| Task description |
Skip the pictures and write out, word for word, the lines below from the one with "相比尿布的简单结构,纸尿布的结构可就复杂多了,复杂的结构带来的是更强大的功能。" through the one with "Impedenza di carico", inclusive.

| Study material |
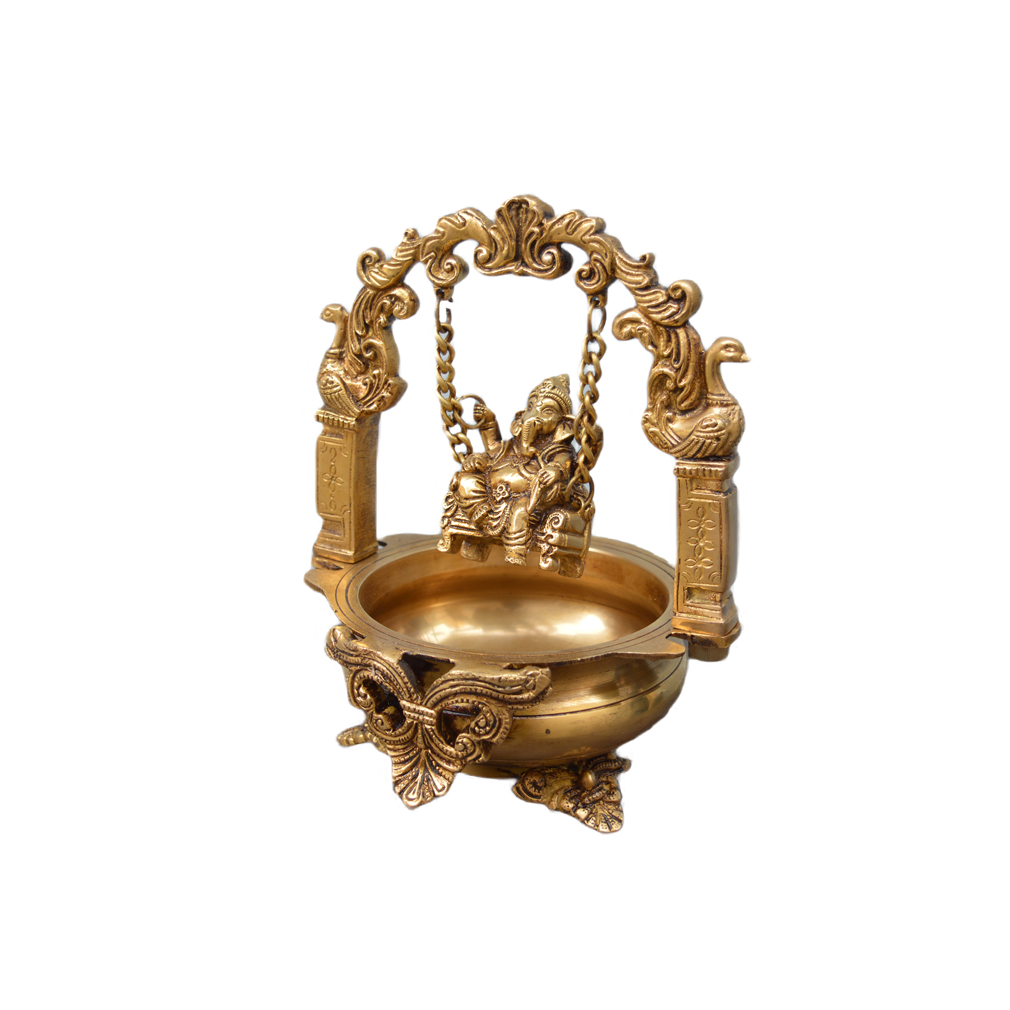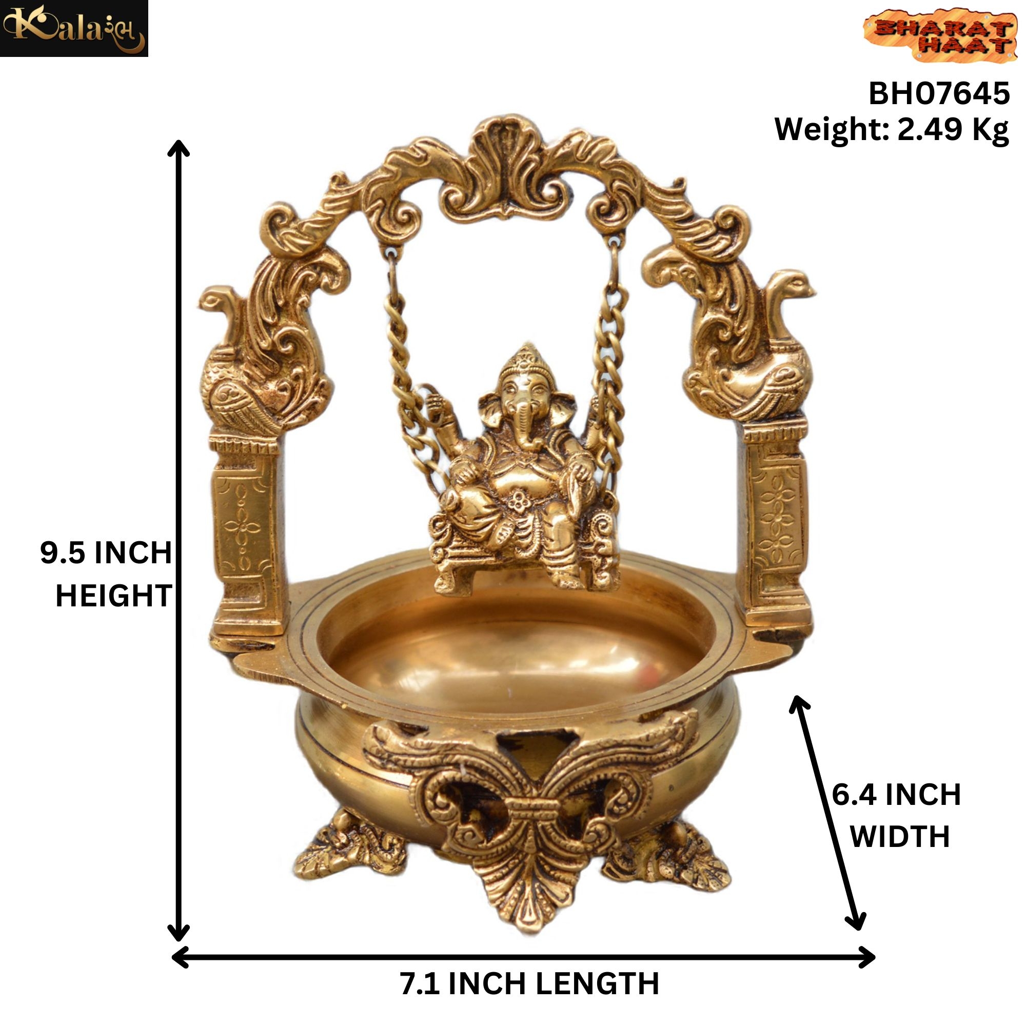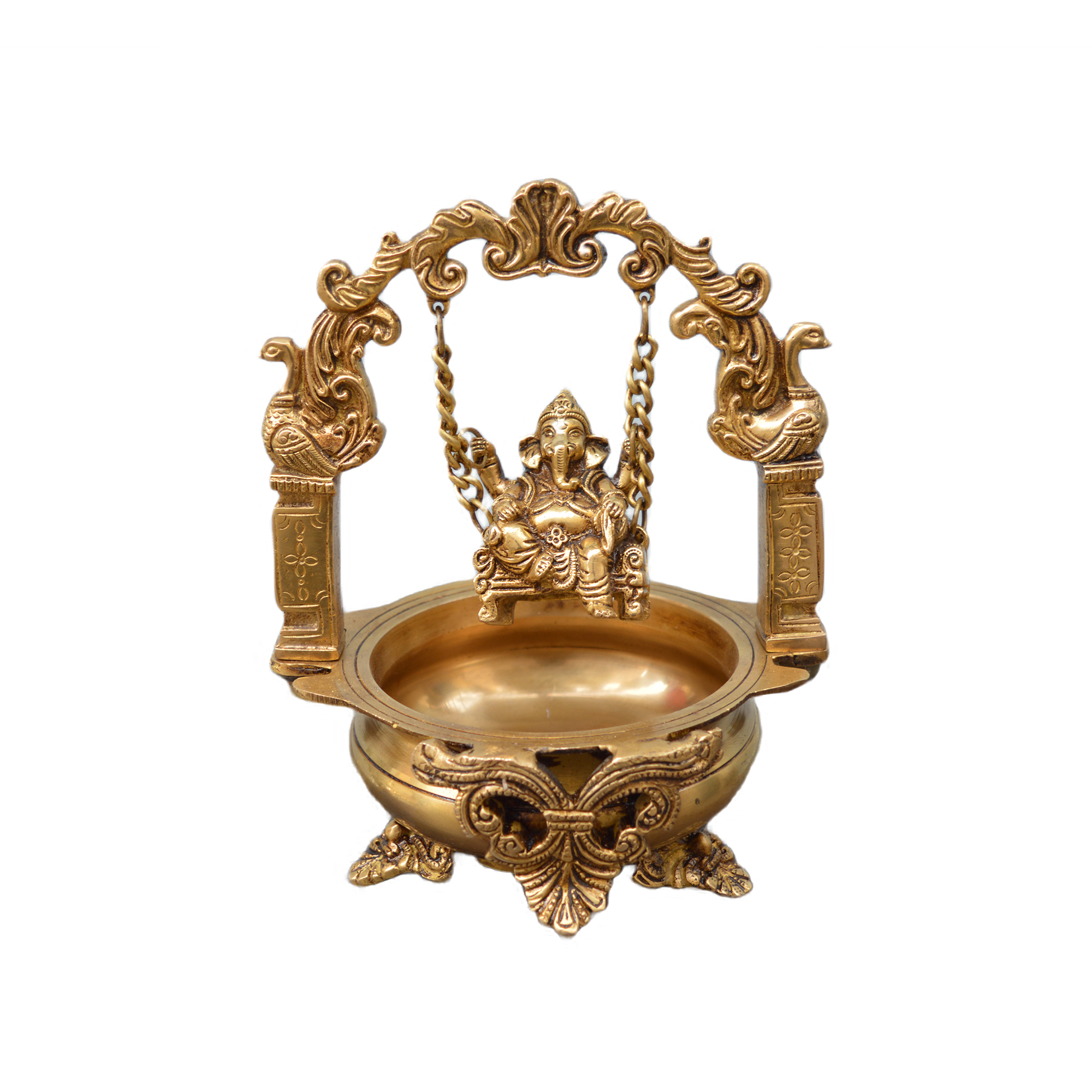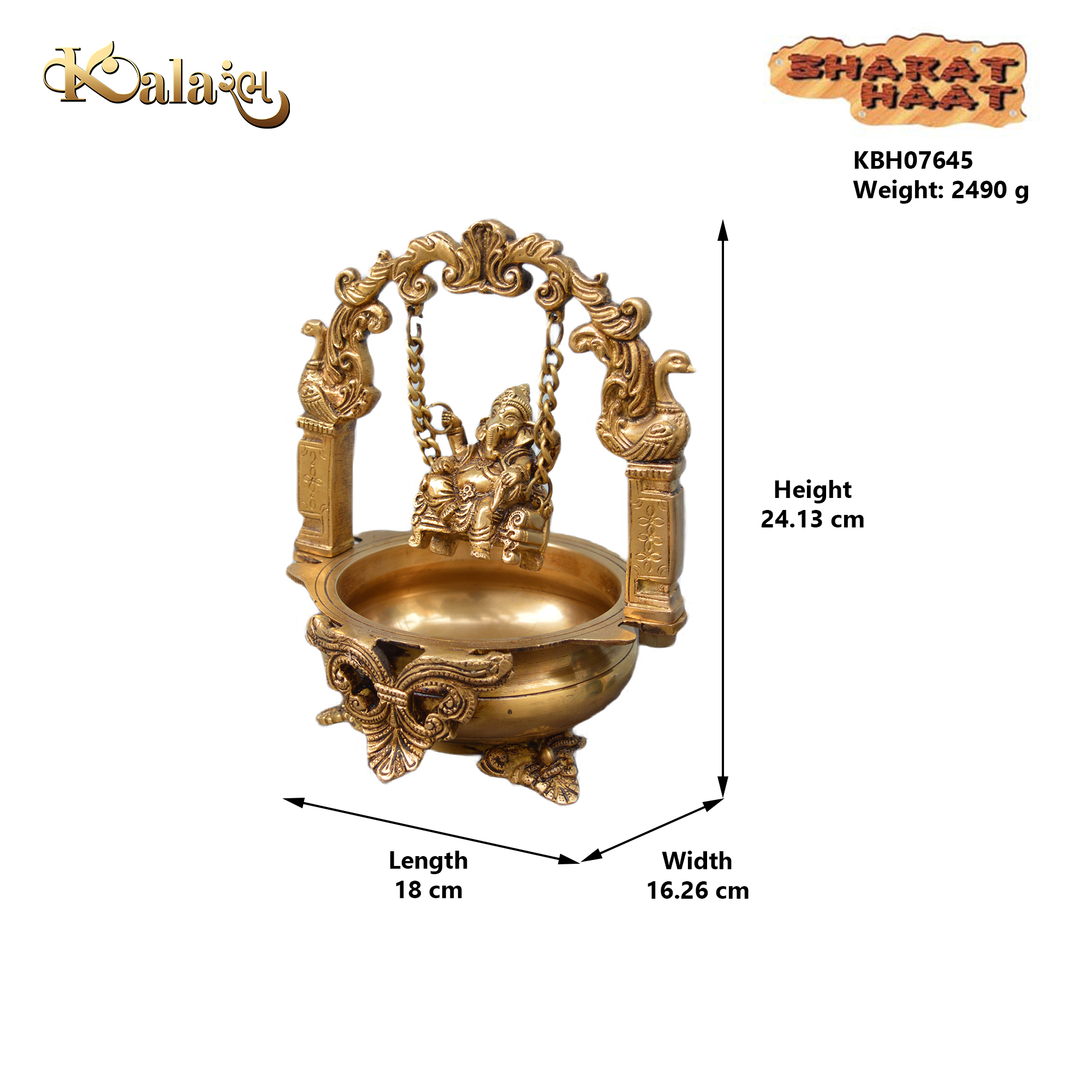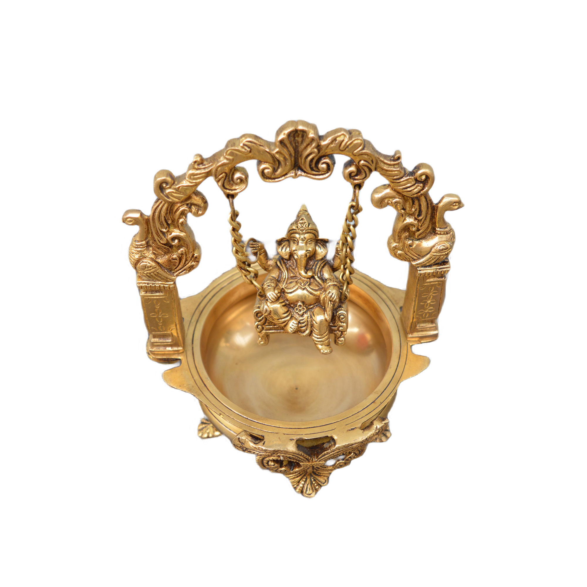 Beautifully crafted Brass Ganesha Jula showcasing Lord Ganesh seated on a swing. A symbol of prosperity and positivity, perfect for pooja rooms or as a decorative centerpiece.
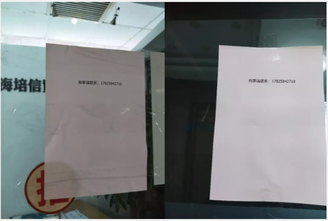 不过,两家公司的玻璃门上都各自新贴了一张纸,内容完全相同:“有事请联系:17825842710”(图6)。
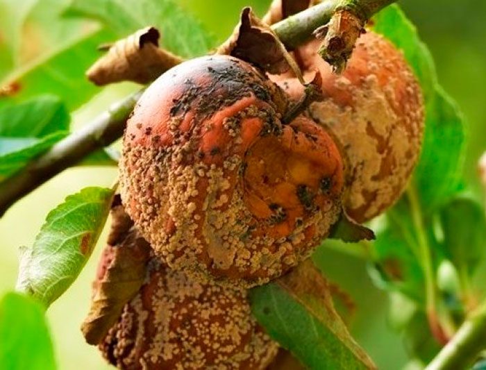morele i brzoskwinie są również dotknięte Moniliozą. W maju w pobliżu chorego drzewa można znaleźć latające kwiaty i jajniki, w czerwcu gałęzie wysychają na tych roślinach, po pewnym czasie liście ciemnieją i więdną, a owoce stają się brązowe. Jeśli dokładniej zbadasz takie drzewa, na powierzchni gałęzi można znaleźć pęknięcia i powstałe napływy gumy, a na owocach ― poduszki z zarodnikami o kremowym lub szarawym kolorze. W rezultacie chora roślina daje skromne zbiory, a tylko niewielka część owoców pozostaje zdrowa, ale pękają one po pewnym czasie i nie mają czasu na dojrzewanie.
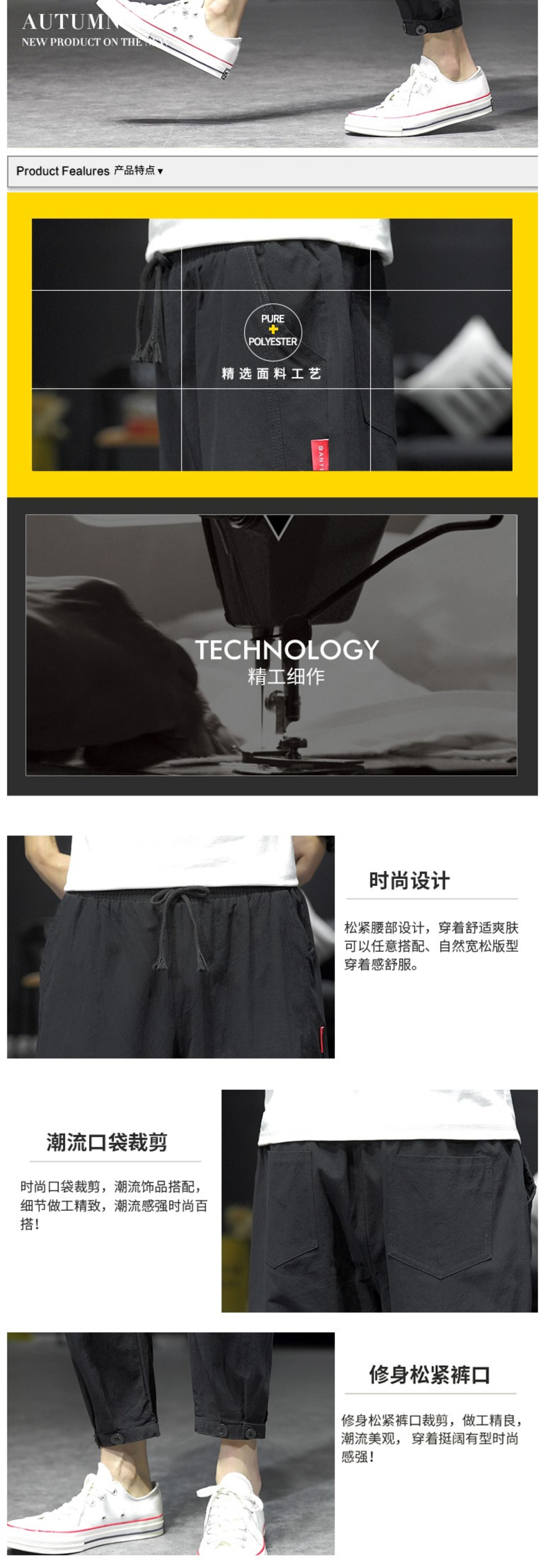 真維斯戶外運動休閑褲男士春秋新款寬松束腳九分褲潮牌薄款長褲五
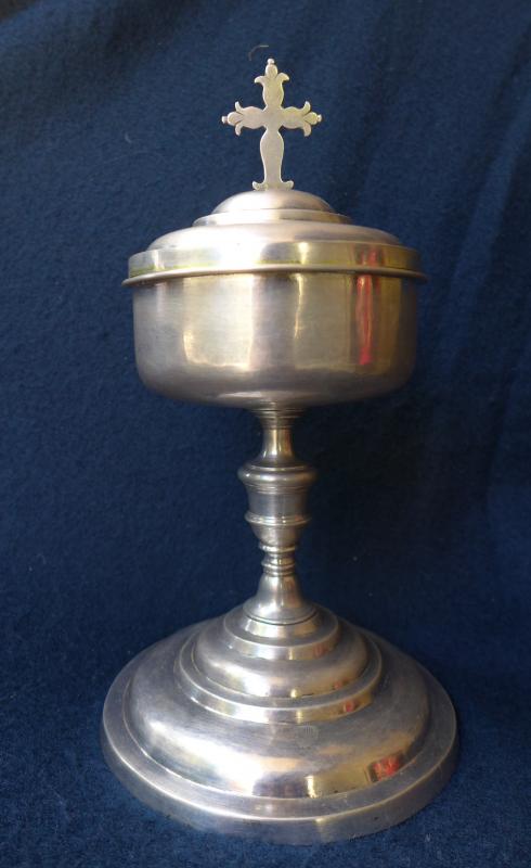 Base abullonada compuesta de diferentes molduras lisas y curvas de tamaño decreciente. Su astil, que parece de una cronología posterior, es torneado, con nudo semioval y cuellos troncocónicos arriba y abajo. La copa, cilíndrica, tiene pestaña superior para encajar la tapadera. Esta última, también abultada, aunque de escasa altura, se remata con una cruz lisa, recortadas, de travesaños flordelisados.
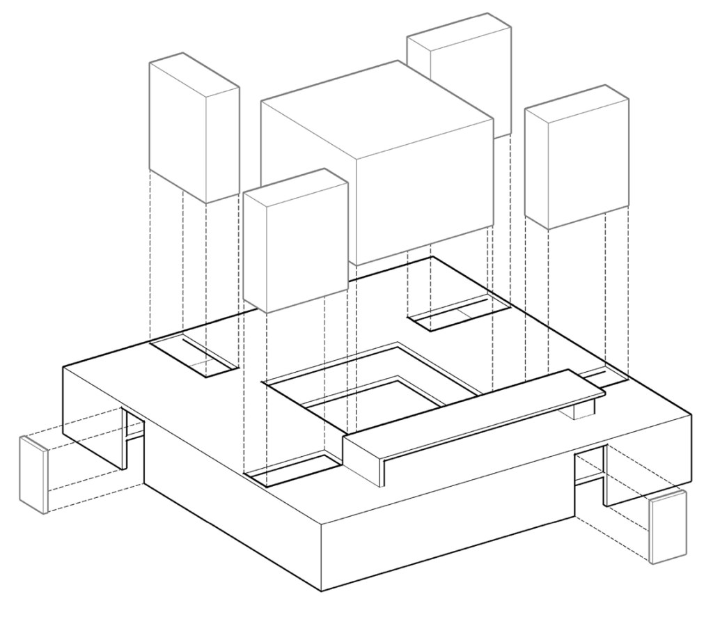 El edificio forma un prisma rectangular, del cual se han extraído otros para la formación de los patios de luz: un patio principal y cuatro secundarios a su alrededor. El acceso principal se ubica en la planta cubierta, al bajar se encuentra la planta para despachos y otros servicios, y donde también se ha ubicado el aula de arquitectura para trabajo libre con un entrada separada para poder disponer del aula en horarios no lectivos.
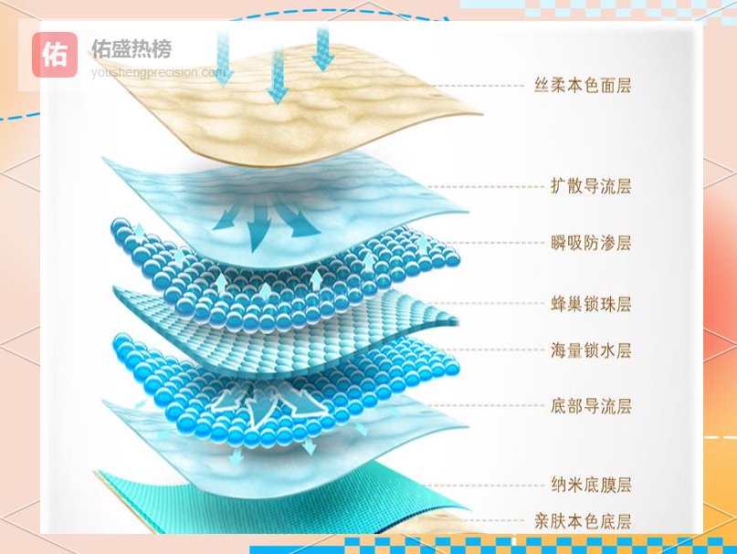 相比尿布的简单结构,纸尿布的结构可就复杂多了,复杂的结构带来的是更强大的功能。
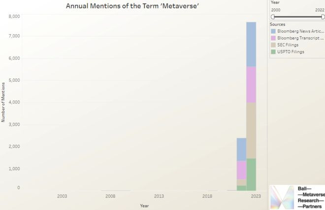 有媒体统计了SEC备案、专利苦求、财报电话会、彭博新闻报说念里“metaverse”出现的次数。2020年之前这个词一年不到100次,截至2021年涨到1300屡次,2022年飙到近8000次。
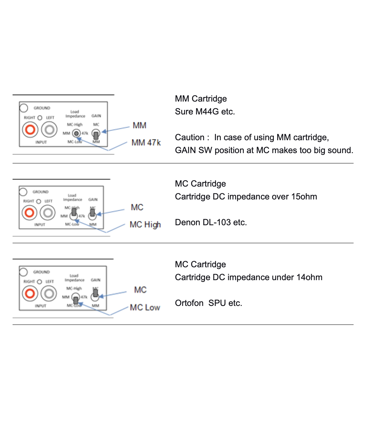 Impedenza di carico per la testina: 47kΩ/MM, MC-high, MC-low
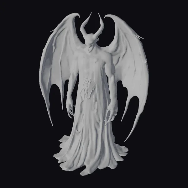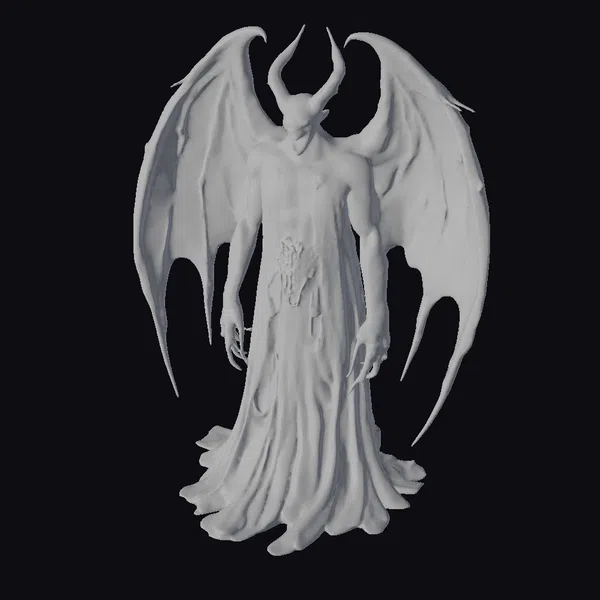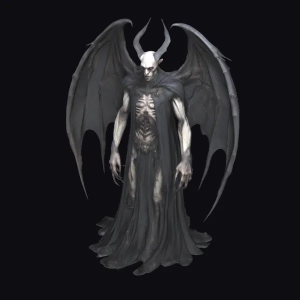 Standing tall with an air of mystique, this dark humanoid boasts an impressive wingspan, its bat-like wings spread wide. The skeletal torso visible beneath its dark, flowing attire adds a layer of eeriness. Two curved horns protrude from its head, enhancing its formidable appearance. The humanoid’s hands are transformed into sharp-clawed bat wings, completing its fantastical and intimidating look. This model is perfect for projects requiring a dark, mystical, or gothic character, such as games, animations, or 3D printing. Its detailed design and elegant yet massive proportions make it a compelling addition to any fantasy or sci-fi scene.
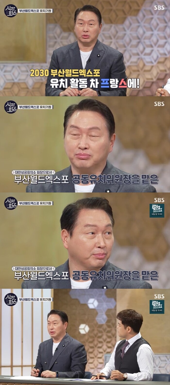 이날 방송에서 최태원 회장은 2030부산월드엑스포 유치 활동 차 프랑스에 갔다고 했다. 여기서 공동유치원장을 맡은 것이다.

| Written answer |
 相比尿布的简单结构,纸尿布的结构可就复杂多了,复杂的结构带来的是更强大的功能。
 有媒体统计了SEC备案、专利苦求、财报电话会、彭博新闻报说念里“metaverse”出现的次数。2020年之前这个词一年不到100次,截至2021年涨到1300屡次,2022年飙到近8000次。
 Impedenza di carico per la testina: 47kΩ/MM, MC-high, MC-low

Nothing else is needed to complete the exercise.